Preparemos una lección completa a partir de un tema específico. Intentémoslo con la «reunión de pies», un juego de pies seguido de una lección acerca de la importancia que tiene el lavarse los pies, simbólicamente, los unos a los otros. ¿No nos gusta jugar con los pies? ¡No hay problema! ¿Qué tal si probamos con «cajas»? ¿O con «las manos de Jesús», o con «la luz contra la oscuridad»? Todas
estas opciones podemos encontrarlas aquí.

CAJAS

Es posible introducir esta idea leyendo Mateo 13:31-35. Consigamos varias cajas y repartámoslas por el salón en el que estamos desarrollando la actividad. Pueden ser todas del mismo tamaño o de diferentes medidas. Una vez que hemos leído la parábola, invitemos al grupo a pensar, meditar y discutir las siguientes preguntas (podemos entregarlas antes de que empiece el tiempo de debate).

  • ¿Qué pensaste cuando llegaste a la reunión y viste todas las cajas que estaban en el salón?
  • ¿Qué experiencias has tenido con las cajas?
  • ¿Qué ilustran las cajas acerca de la iglesia?
  • ¿Qué nos dicen las cajas acerca de la relación con Dios y de las relaciones que tenemos los unos con los otros?
  • ¿Alguna vez te has sentido atrapado dentro de una caja?
  • ¿La vida cristiana viene empacada de «una manera bonita»?

Esta es una buena oportunidad para que el grupo converse acerca de algunas cosas, escuche algo nuevo o discuta sobre alguna situación. El uso de las cajas puede conducir a muchos puntos de discusión. Utilicemos la idea de Romanos 12:2 para referirnos a las cajas como objetos susceptibles de ser llenados, que se utilizan mejor cuando están abiertos y dispuestos. Podemos finalizar el encuentro con la idea de que Cristo nació y fue colocado en una especie de «caja», pero él creció de un modo que nadie pudo encajonarlo más, ni aun los discípulos.
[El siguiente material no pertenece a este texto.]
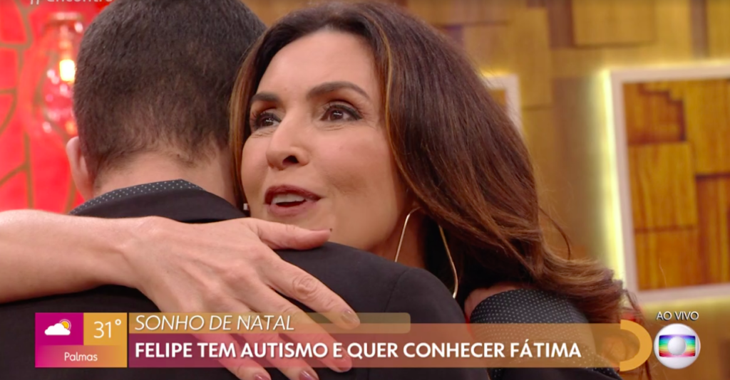 Emocionada, Fátima pareceu radiante ao poder realizar o sonho de Felipe. “Eu fiquei muito feliz porque tem uma carta, tem algumas cartas para mim, mas essa daqui ele pede um presente. ‘Querido Papai Noel, vai ganhar um presente para Fátima Bernardes’. Aí ele segue com outras pessoas que ele quer presentear e no final ele escreve: ‘O meu nome é Felipe, eu sou autista, eu tenho 15 anos e eu quero assistir o programa Encontro com Fátima Bernardes’. A carta é endereçada ao Papai Noel, então é o presente que ele pediu”.
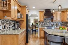 *Open House Saturday November 22nd 1:00 - 3:30pm* Perched high on Signal Hill, this gem of a home blends quiet cul-de-sac living with unbeatable convenience. A grand two-storey foyer sets the tone, featuring a sweeping curved staircase and a brass chandelier with a classic Ralph Lauren aesthetic. An arched entry leads to the effortlessly elegant living and dining rooms, where a vaulted ceiling and fireplace create an inviting, graceful space that you’ll love sharing with your friends. Generous in size, the dining room accommodates a large table and credenza with ease. The heart of the home is the kitchen, where two-toned cabinetry, granite counters and an island with seating flow into a casual dining nook and a welcoming family room anchored by a fireplace and book cases. A tucked-away office with wood wainscotting and a striking powder room with designer wallpaper add a touch of county-club sophistication. Upstairs, the standout is the exceptionally large primary retreat, complete with a cozy sitting area, fireplace, bay window, and views toward the reservoir. Wake up to sunrise vistas from this private corner, ideal for lingering over Sunday coffee. The ensuite offers a double vanity with makeup counter, soaker tub, water closet, and walk-in closet. Two additional bedrooms and a full bath complete this level.Built for entertaining, the lower level includes a spacious media area with fireplace, a games room, a large bar with wine storage and bar fridges, a gym, plus a fourth bedroom and full bath ideal for guests. The beautifully landscaped, expansive yard features mature trees, tiered decks, a fire pit, hot tub, and lovingly tended flower beds filled with tulips, peonies and hydrangeas. Recent upgrades include new hardwood, carpet, furnace and A/C (2021). Perfect for families with teens or older kids, this timeless home offers space, style, and an exceptional location just steps to West Hills’ shops, dining, schools and parks. Come discover a home that is both el evated and welcoming. Your next chapter begins here. (id:6769)

Luego de ser crucificado, fue puesto en otra «caja» y colocado en una roca para conservarlo allí. Pero él la rompió y continúa quebrando los moldes en los que hoy la gente quiere encasillarlo. (David Worth).

REUNIÓN DE PIES

Esta ingeniosa idea combina un poco de diversión con ideas muy profundas acerca del servicio a los demás y el discipulado. El tema de la reunión son los pies. Empecemos con algunos «juegos de pies»:

A. Autógrafos en los pies. Los chicos se quitan los zapatos y los calcetines. Entreguémosles un marcador y démosles un par de minutos para que consigan la mayor cantidad de firmas en las plantas de los pies. El que tenga más autógrafos al final del tiempo asignado será el ganador.
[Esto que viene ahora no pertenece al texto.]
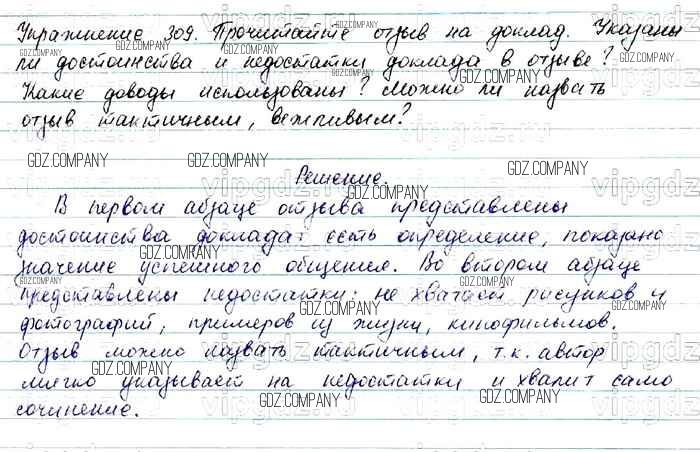 Здесь готовые ответы по Русскому языку за 7 (седьмой) класс от Баранов, Ладыженская, Тростенцова Учебник УМК (издательство: Просвещение от 2015 г.) № 309

B. El calzado más grande. Los chicos se colocan en fila. Sus pies deben estar tocándose punta con talón. Gana el equipo que logra hacer la fila más larga (no vale poner las manos en el piso).

C. Pasando el limón. Formemos dos equipos y pongámoslos en fila. Démosle a cada uno un limón, que tendrán que hacerlo pasar de participante en participante usando únicamente los pies. El limón no deberá caerse, de lo contrario habrá que comenzar de nuevo, además no pueden saltarse a ningún joven. Todos tienen que participar.
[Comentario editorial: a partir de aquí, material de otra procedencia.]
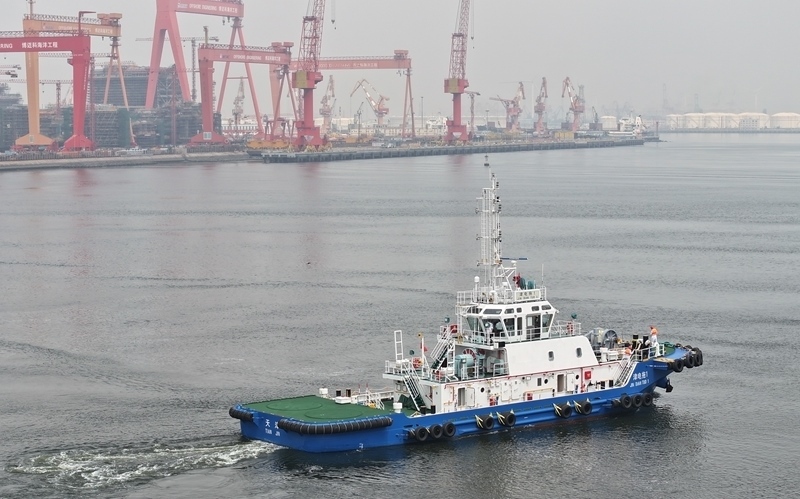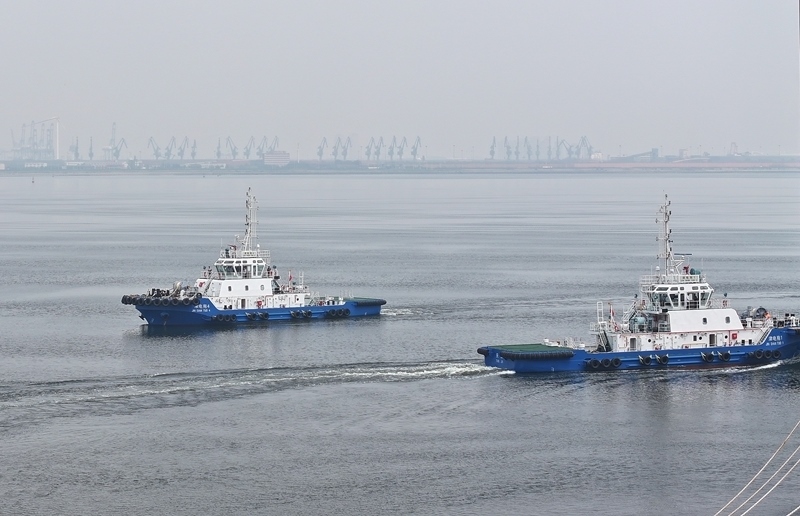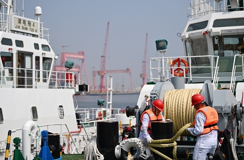 當日,由4艘純電動港作拖輪組成的“綠色艦隊”在中船天津碼頭鳴笛啟航。

D. Dibujos con los pies. Dividamos al grupo en dos equipos, y que cada uno escoja a un «artista» de pies. Preparar papel periódico y pegarlo con cinta al suelo. Escoger de 2 a 4 palabras sencillas, que se le dirán a ambos participantes en secreto. Cada artista tratará de dibujar lo que le hayamos dicho usando sus pies. El primer equipo que adivine lo que su jugador está dibujando ganará los puntos.

Después de hacer algunos de estos juegos, tengamos un tiempo de estudio bíblico. Un buen pasaje para hacerlo es Juan 13:1-17. Hablemos acerca del significado de los pies en este pasaje. ¿Por qué resultaba tan extraño ver a Jesús lavándoles los pies a sus discípulos? ¿Qué dice eso de su espíritu de humildad y servicio?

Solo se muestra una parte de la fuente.